Adieu au tutu

La diplomatie est l’un de ces arts qui me donnent de l’urticaire, l’une de ces danses dont l’exécution me donne le tournis. Plus j’essaie de comprendre les ambassadeurs, les chanceliers et toute cette curieuse espèce de personnages futés, plus je ne tire que de la confusion de leurs actions. Ils se donnent l’accolade et s’offrent des sourires, ils échangent des promesses et s’affichent sur les photos main dans la main. Ils parlent en mon nom, même si cela fait un bail qu’ils ne sont pas montés dans un bus, qu’ils ne font pas de queue et qu’ils ne sont pas au courant du prix d’un œuf au marché noir.

Durant cette dernière année, le ballet présenté par notre diplomatie a pris l’allure d’une danse de séduction. Ils sont sortis danser avec des bas rouges et leurs promesses d’ouverture ont ébloui quelques uns. Cependant, depuis le troisième balcon – où sont assis les citoyens – chaque fouetté nous a eu l’air plutôt rigide, et les nouvelles tournures si prévisibles qu’elles ne provoquent que bâillements.

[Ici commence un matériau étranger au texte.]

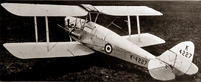 A photograph of an early example of a Queen Bee. This is quite possibly K4227, the early production Queen Bee featured in the previous two photos, but her serial numbers are hidden from the photographer. K4227 was very much in the public eye in June 1935 as she put on a flight demonstration at Farnborough, taking off, flying, manoeuvring and landing, all under remote control. The British Air Ministry did not allow pilotless aircraft to fly over populated areas, so test pilot Flight Lieutenant C.M. Vincent, DFC had to sit in the cockpit throughout the entire flying demonstration to guarantee control in the event of a loss of radio control. Researching the de Havilland Aircraft Production lists in the web, it is stated that K4227 crashed on 17 July 1935, just a couple of weeks after it was successfully displayed at the Farnborough Air Show. Photo via Gloucestershire Transport History
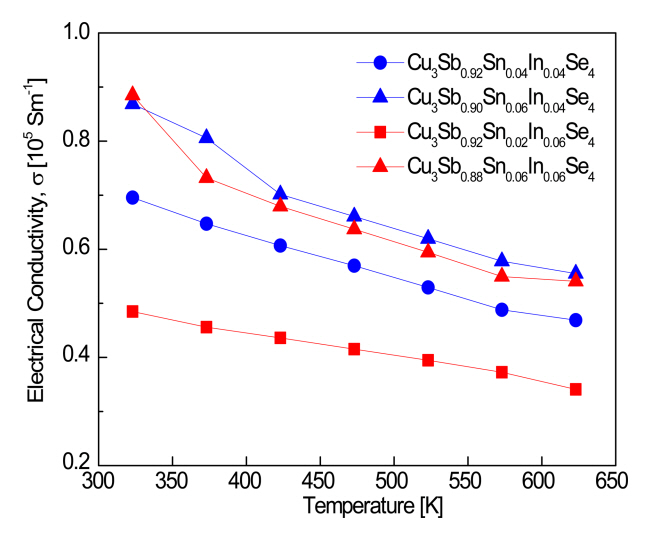 conductivity increases and the Sn doping effect becomes dominant. When Sn4+ and In3+ are substituted at the Sb5+ sites of Cu3SbSe4, additional charge carriers (holes) are created, resulting in increased electrical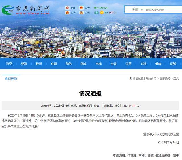 事故发生后,宣恩县人民政府新闻办公室发布情况通报:“2023年5月16日11时19分许,宣恩县珠山镇狮子关景区一商务车从水上浮桥落水,车上载有8人,3人脱险上岸,5人搜救上岸后经抢救无效死亡。事件发生后,州县党委政府高度重视,第一时间带领相关部门赶往现场进行救援和处置,目前景区已暂停营业,善后事宜及事故调查正在有序开展。”知情人告诉记者,车上8人均来自山西长治,死者中3名女性2名男性,年龄都在50岁至55岁,没有姓氏相同的情况。

Ennuyée et déçue de ces chorégraphies de l’apparence, je préfère danser au rythme de la diplomatie populaire. Vu le nombre de buffets et de champagne gaspillés, je pense qu’il vaut mieux se passer de ces représentants encravatés. Il doit exister des formes plus civiques pour les rencontres entre peuples, les contacts et l’entreaide. Laissons aux chancelleries la farce des protocoles d’intention et des pactes signés et non tenus. Pendant ce temps, rapprochons-nous et entendons-nous directement.

Traduit par Susana Gordillo et Pierre Haberer.